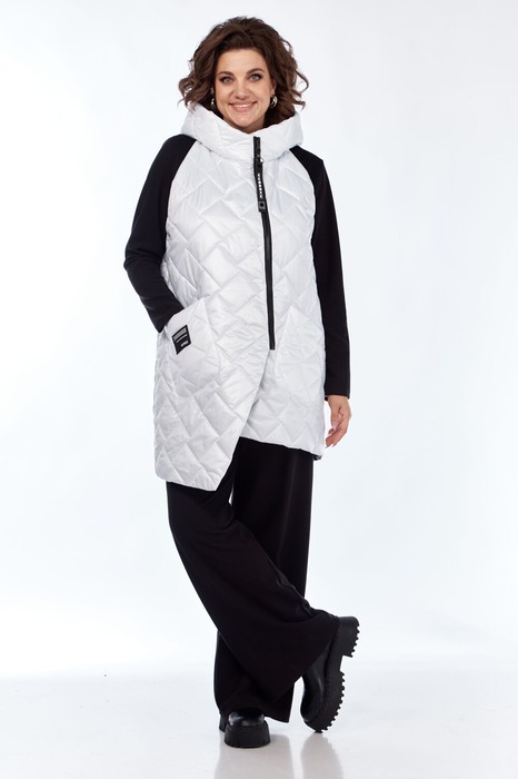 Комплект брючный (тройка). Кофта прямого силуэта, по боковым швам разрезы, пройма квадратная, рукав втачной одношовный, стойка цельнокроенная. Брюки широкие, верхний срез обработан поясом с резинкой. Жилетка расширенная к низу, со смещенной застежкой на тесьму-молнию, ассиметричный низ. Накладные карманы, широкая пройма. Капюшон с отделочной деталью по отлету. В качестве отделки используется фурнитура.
--
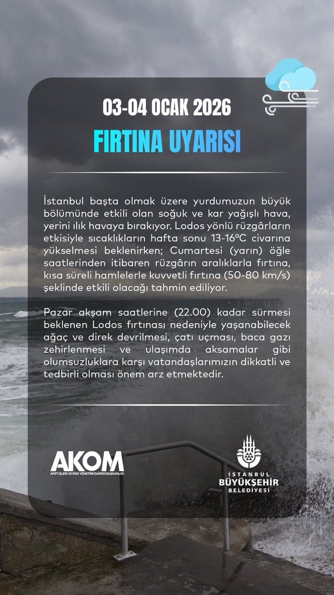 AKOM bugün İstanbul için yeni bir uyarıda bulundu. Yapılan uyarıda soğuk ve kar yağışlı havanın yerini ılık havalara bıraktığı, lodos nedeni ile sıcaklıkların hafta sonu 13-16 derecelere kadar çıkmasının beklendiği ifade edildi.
==
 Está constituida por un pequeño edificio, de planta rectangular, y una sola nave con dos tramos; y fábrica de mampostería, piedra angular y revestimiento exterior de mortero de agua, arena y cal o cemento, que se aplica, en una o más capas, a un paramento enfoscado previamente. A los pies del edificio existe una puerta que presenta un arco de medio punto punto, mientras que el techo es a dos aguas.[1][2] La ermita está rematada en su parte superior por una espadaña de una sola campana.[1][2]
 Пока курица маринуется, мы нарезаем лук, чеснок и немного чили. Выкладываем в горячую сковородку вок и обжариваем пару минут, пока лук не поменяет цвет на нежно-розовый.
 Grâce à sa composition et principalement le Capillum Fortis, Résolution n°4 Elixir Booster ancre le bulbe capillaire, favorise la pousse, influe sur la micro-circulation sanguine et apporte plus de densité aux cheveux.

:: YOUR INSTRUCTIONS ::
Reproduce exactly, and only, the part of the listing above that begins at the line with "Está constituida por" and goes on through the line with "Пока курица маринуется, мы".

:: WRITTEN REPLY ::
 Está constituida por un pequeño edificio, de planta rectangular, y una sola nave con dos tramos; y fábrica de mampostería, piedra angular y revestimiento exterior de mortero de agua, arena y cal o cemento, que se aplica, en una o más capas, a un paramento enfoscado previamente. A los pies del edificio existe una puerta que presenta un arco de medio punto punto, mientras que el techo es a dos aguas.[1][2] La ermita está rematada en su parte superior por una espadaña de una sola campana.[1][2]
 Пока курица маринуется, мы нарезаем лук, чеснок и немного чили. Выкладываем в горячую сковородку вок и обжариваем пару минут, пока лук не поменяет цвет на нежно-розовый.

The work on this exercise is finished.